We focus on the target application of measuring growth rates of apple fruitlets³³3A fruitlet is a young apple formed on the tree shortly after pollination. This is important because it enables farmers to better control their annual yield. It is standard practice to thin apple trees to prevent them from developing a pattern of alternative year bearing in order to produce a more consistent yearly harvest. To predict the effect of thinning application applied on trees, the Fruitlet Growth Model developed by Greene et al. [16] is used to determine how often farmers need to spray their crops. The model takes into account the growth rates of a subset of fruitlets over multiple days. The fruitlets with growth rates greater than 50% of the fastest growing fruits are predicted to persist the thinning. Farmers calculate the percentage of fruitlets expected to abscise and use this information to determine if another round of chemical thinner needs to be applied.

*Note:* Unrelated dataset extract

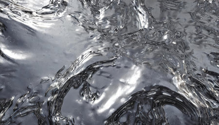 An intricately close-up view of liquid shiny metal in a silver-gray hue, capturing the beauty of flowing textures, radiant highlights, and shimmering details. Ideal for creative projects or visual

The sizing method most commonly used in practice involves identifying each individual fruitlet, using a digital caliper to hand-measure sizes, and manually entering the data into a spreadsheet so that growth rates can be tracked. We will refer to this sizing process as the caliper method. The number of fruit typically sized using the caliper method is approximately 400-500 fruitlets per varietal. This means growers need to size hundreds to thousands of fruitlets depending on the number of varietals that they grow. Each fruitlet is sized twice per thinning application: once three to four days after application, and again seven to eight days after application. Taking this many hand-measurements is not only labor-intensive, but highly subject to human error. It is inefficient and time-consuming for a human to record caliper readings for hundreds to thousands of fruitlets across multiple days, making some farmers hesitant to adopt the approach. Manually associating fruitlets across different days is also very challenging; fruitlets are likely to have moved or fallen off, resulting in them being mis-identified which negatively affects growth estimates. Moreover, using calipers creates variability when measuring asymmetrically shaped fruit, leading to inaccurate measurements which become more pronounced as different workers are employed to collect data. As a result, there is a need to automate this process to make sizing faster, more repeatable, and more accurate.

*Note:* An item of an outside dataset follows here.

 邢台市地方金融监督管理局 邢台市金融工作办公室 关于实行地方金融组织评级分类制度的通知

In this paper, we present a computer vision-based system for sizing and measuring the growth rates of apple fruitlets using stereo image pairs generated from a hand-held camera. Our system segments, clusters, and fits ellipses to apple fruitlets to measure their diameters. Fruitlets are autonomously clustered and temporally associated to track growth rates across days. We demonstrate that the results produced by our method are comparable to those produced by the caliper method, with the ability to reduce the labor-intensive effort and significantly improve speed. The specific contributions of this paper are:

i

A computer vision-based system to autonomously size and measure growth rates of apple fruitlets
ii

Experiments and results on data collected by a hand-held stereo camera in a commercial apple orchard
iii

Quantitative evaluation on data collected by a robotic system in a commercial apple orchard

Refer to caption — Figure 1: Overview of our (a) fruitlet sizing and (b) growth rate tracking pipelines used to predict persist and abscise rates.

II Related Work

There has been significant work dedicated towards sizing fruit in agriculture. In the work of [6], calibration spheres are placed on trees and used as reference scales to estimate the sizes of segmented apples. Similarly, Wang et al. [17] are able to size fruits in the field with a smartphone by placing a reference circle of known size behind the fruit. While these methods only require simple segmentation and sizing algorithms, they do not extend well to fruitlets as it is impractical to place reference objects behind hundreds of fruit in occluded environments.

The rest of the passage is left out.